Prompt:
Below is a listing from which only part is wanted; return exactly the lines from the one with "HM KELLY VIOLET" up to and including the one with "LAFER PERCIVAL (n.".

Provided records:
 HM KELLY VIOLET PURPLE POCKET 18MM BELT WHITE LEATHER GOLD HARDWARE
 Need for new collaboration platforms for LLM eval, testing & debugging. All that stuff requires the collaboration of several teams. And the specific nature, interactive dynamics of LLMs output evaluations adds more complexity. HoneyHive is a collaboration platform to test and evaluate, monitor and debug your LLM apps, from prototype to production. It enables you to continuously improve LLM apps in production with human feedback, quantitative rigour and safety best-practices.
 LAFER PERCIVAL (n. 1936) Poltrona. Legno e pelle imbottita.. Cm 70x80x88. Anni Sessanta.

* * *

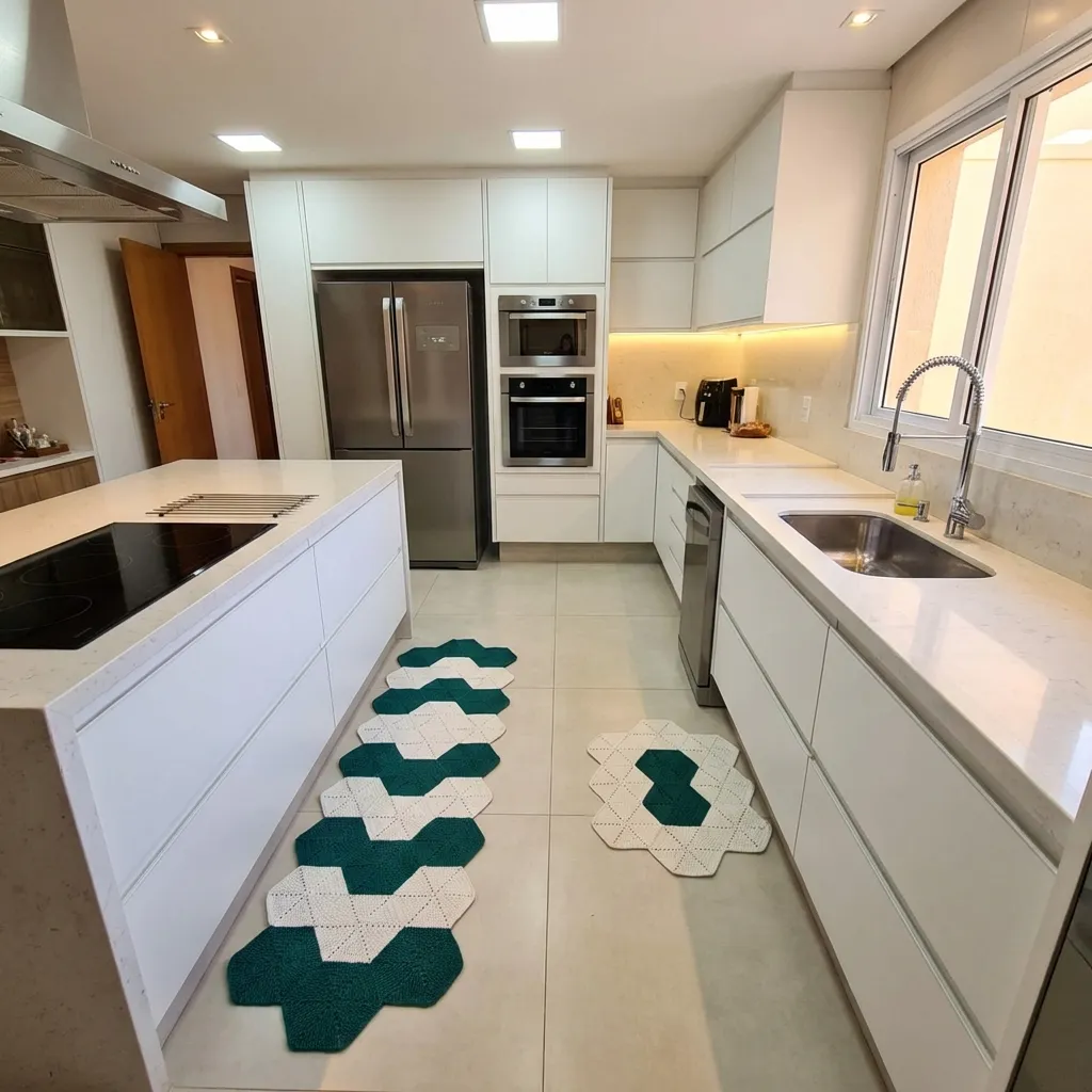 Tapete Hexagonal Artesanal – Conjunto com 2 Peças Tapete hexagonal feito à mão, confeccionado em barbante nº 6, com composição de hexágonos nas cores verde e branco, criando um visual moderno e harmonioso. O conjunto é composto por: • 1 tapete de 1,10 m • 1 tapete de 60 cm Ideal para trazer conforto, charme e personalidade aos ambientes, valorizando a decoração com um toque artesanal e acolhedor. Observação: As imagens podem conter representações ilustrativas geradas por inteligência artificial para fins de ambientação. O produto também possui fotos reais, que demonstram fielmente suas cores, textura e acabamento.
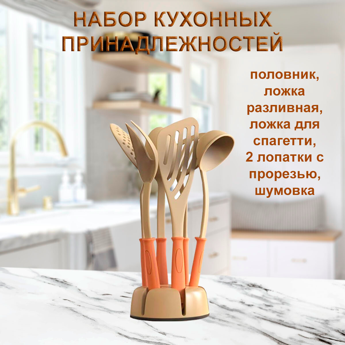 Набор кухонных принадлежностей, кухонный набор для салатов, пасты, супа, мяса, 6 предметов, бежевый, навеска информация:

Exercise result:
 HM KELLY VIOLET PURPLE POCKET 18MM BELT WHITE LEATHER GOLD HARDWARE
 Need for new collaboration platforms for LLM eval, testing & debugging. All that stuff requires the collaboration of several teams. And the specific nature, interactive dynamics of LLMs output evaluations adds more complexity. HoneyHive is a collaboration platform to test and evaluate, monitor and debug your LLM apps, from prototype to production. It enables you to continuously improve LLM apps in production with human feedback, quantitative rigour and safety best-practices.
 LAFER PERCIVAL (n. 1936) Poltrona. Legno e pelle imbottita.. Cm 70x80x88. Anni Sessanta.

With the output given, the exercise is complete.